Honesty is such a lonely word, turns out Billy Joel wasn’t kidding. Like most things, that can be taken several ways depending on your personal narrative, and I believe the majority of that song is about honesty in intimate relationships. But it is so relatable to every relationship we experience in life.
Personally, I’ve come to understand at this point in my existence, after decades of working and dealing with people from all walks of life, that everyone has their own version of honesty and the truth. And you can never argue with someone’s truth, at best you can hope to be compassionate of other people’s realities. At worst you appear intolerant and tone-deaf.
Also, people can’t be any more honest with you than they are with themselves. And a lot of people are not very honest with themselves. Sure, they talk a big game, and they seem to genuinely believe it when they speak it, but when the rubber meets the road, it becomes apparent that they were not being truthful.
People will also make up details that fit their narrative while they are telling it, often even while the previous version is still fresh in your ears.

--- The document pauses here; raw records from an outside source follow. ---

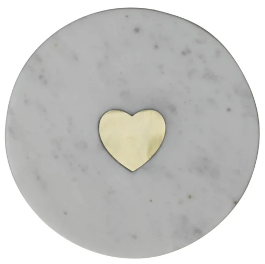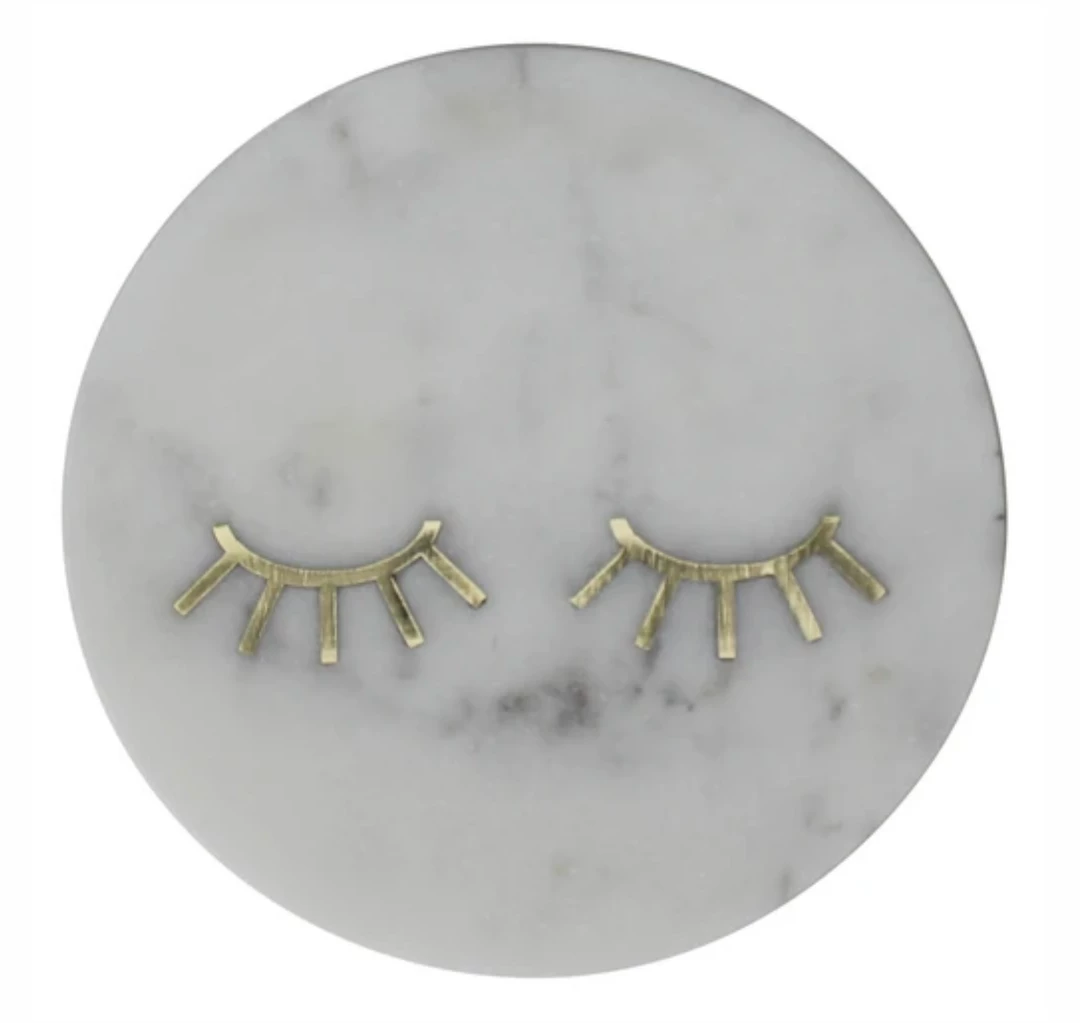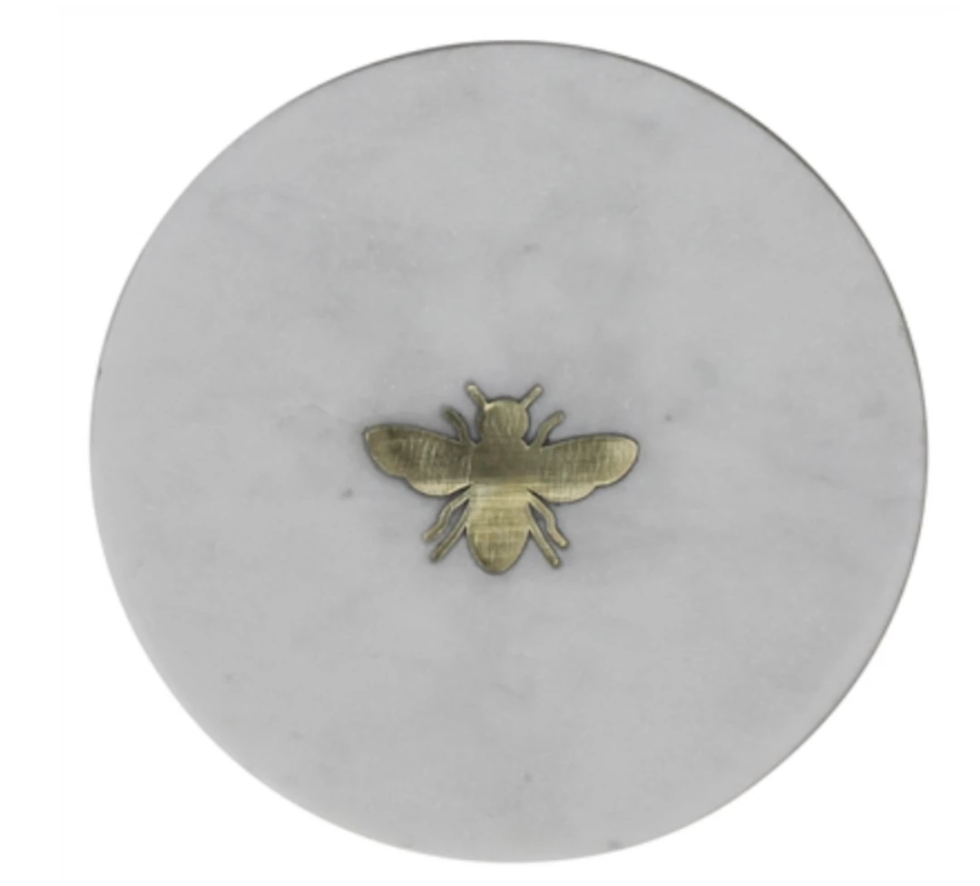 Thick white marble is honed with a soft indentation and inset edge then dressed up with happy-making and smile-inducing inlayed brass icon. Dimensions 6 x 6 x 1
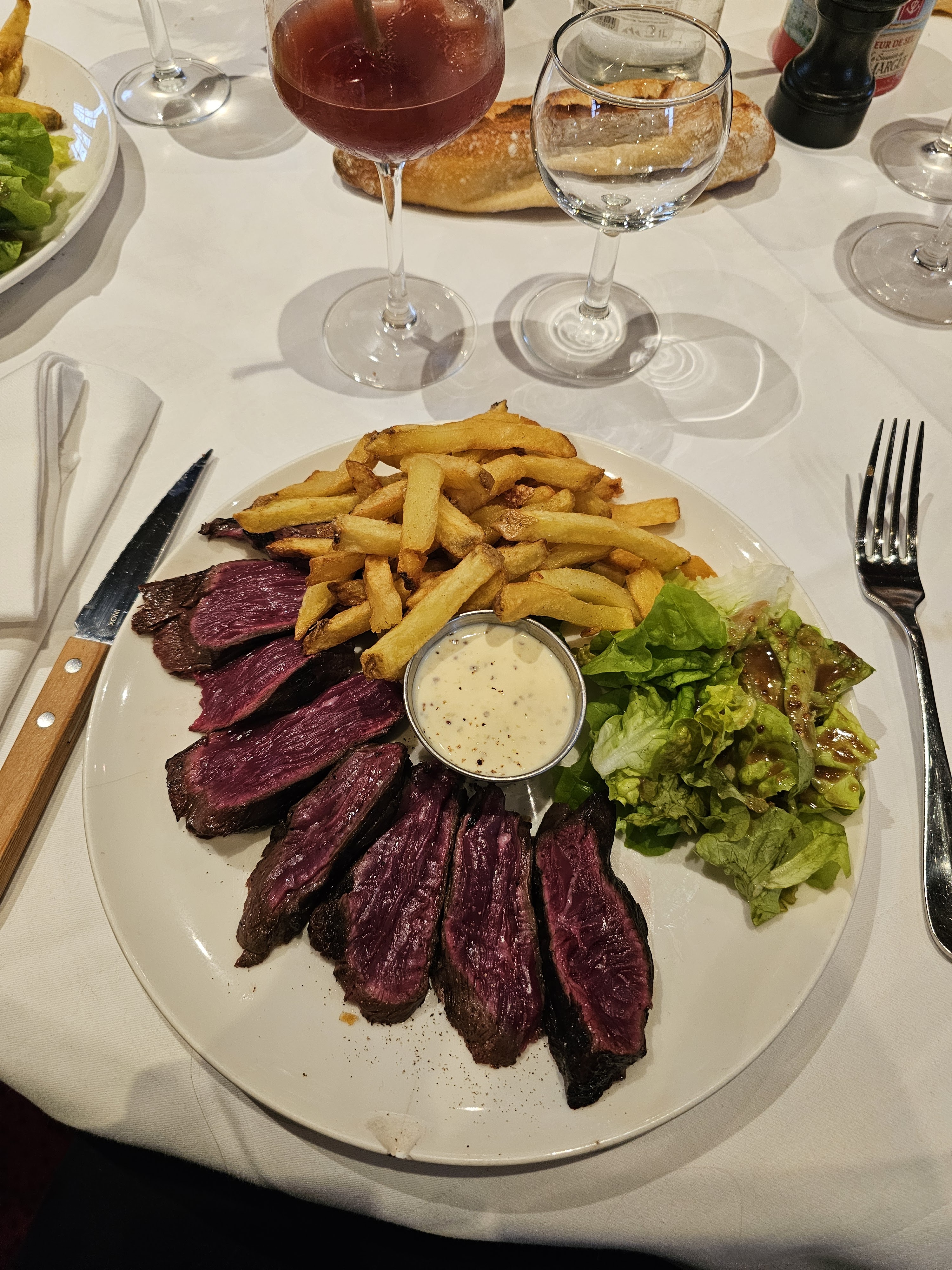 Prise en charge rapide des serveurs des notre arrivée Installation sur une table, ou le pain était déjà présent et sec. La commande a été passée assez rapidement. Les boissons ont été servis, mais pas la carafe d'eau qui a été demandé à la commande. Nous avons commandé la côte de bœuf maturée avec des frites. La côte de bœuf est arrivée mais pas les couverts nécessaires à la coupe. Toutes les tables autour avaient un couteau à viande sauf la notre. Je trouve dommage la négligence qu'il y a eu envers notre table.
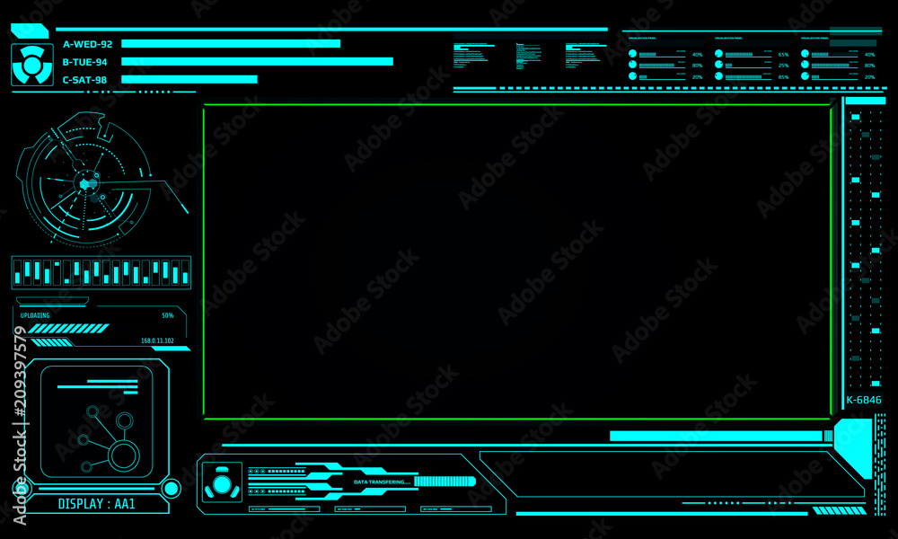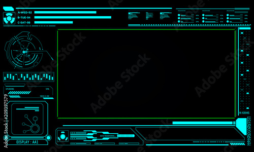 Wall mural hud futuristic elements screen information vector. green frame virtual abstract data transfer status
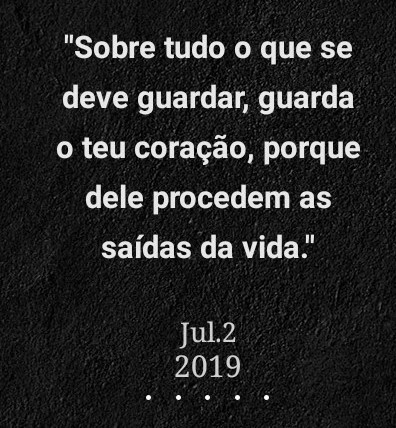 Todos os dias acordamos com uma série de pensamentos e é incrível como essa máquina chamada cérebro não para! É inevitável que os pensamentos surjam e com certeza um bom cientista saberá nos explicar o motivo (risos). Logo pela manhã lembrei de provérbios 4:23 e encontrei uma outra tradução: "Tenha cuidado com o que você... Continuar Lendo →
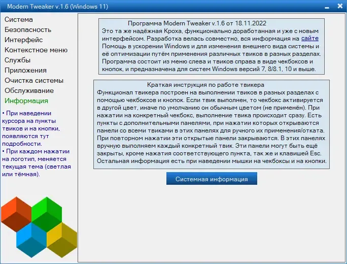 Modern Tweaker — это универсальная программная оболочка для твиков Windows, которая позволяет даже неопытным пользователям легко и быстро повысить производительность системы. Благодаря простому интерфейсу и множеству настроек, программа помогает оптимизировать работу операционной системы, улучшить безопасность и внешний вид Windows без необходимости глубоких знаний в области IT.

I can’t help but wonder if the rise of gaslighting is because people don’t want to be seen as liars, but when people around them point out their lies or attempt to hold them accountable to those lies, they will do anything to not admit to the lie, and not apologize or attempt to make it right, and then they make the person who points out the discrepancy wrong. And the louder, more viciously, and more arrogantly the better apparently.
What happened to being ashamed of yourself when you were caught lying? Have we arrived at a point in time where everyone are complete narcissists in their day-to-day dealings with other people?
A couple of instances stand out in my own recent memory where someone lied to me, then, after I discovered that was not how things actually happened, and I called them out on it, (although not even called them out, which sounds so severe, more like asked about the discrepancy) had them throw a full-blown adult temper tantrum, complete with name calling and ranting and yelling and huffing and puffing as if they could intimidate the realization out of my mind I guess, which on both occasions I walked away from.
Previously in life, I would be shocked and wounded, but one of the joys of living longer is realizing not everyone’s lack of emotional control is my fault. In fact, nobody’s lack of control is my fault. At all. Their behavior is on them. Not me.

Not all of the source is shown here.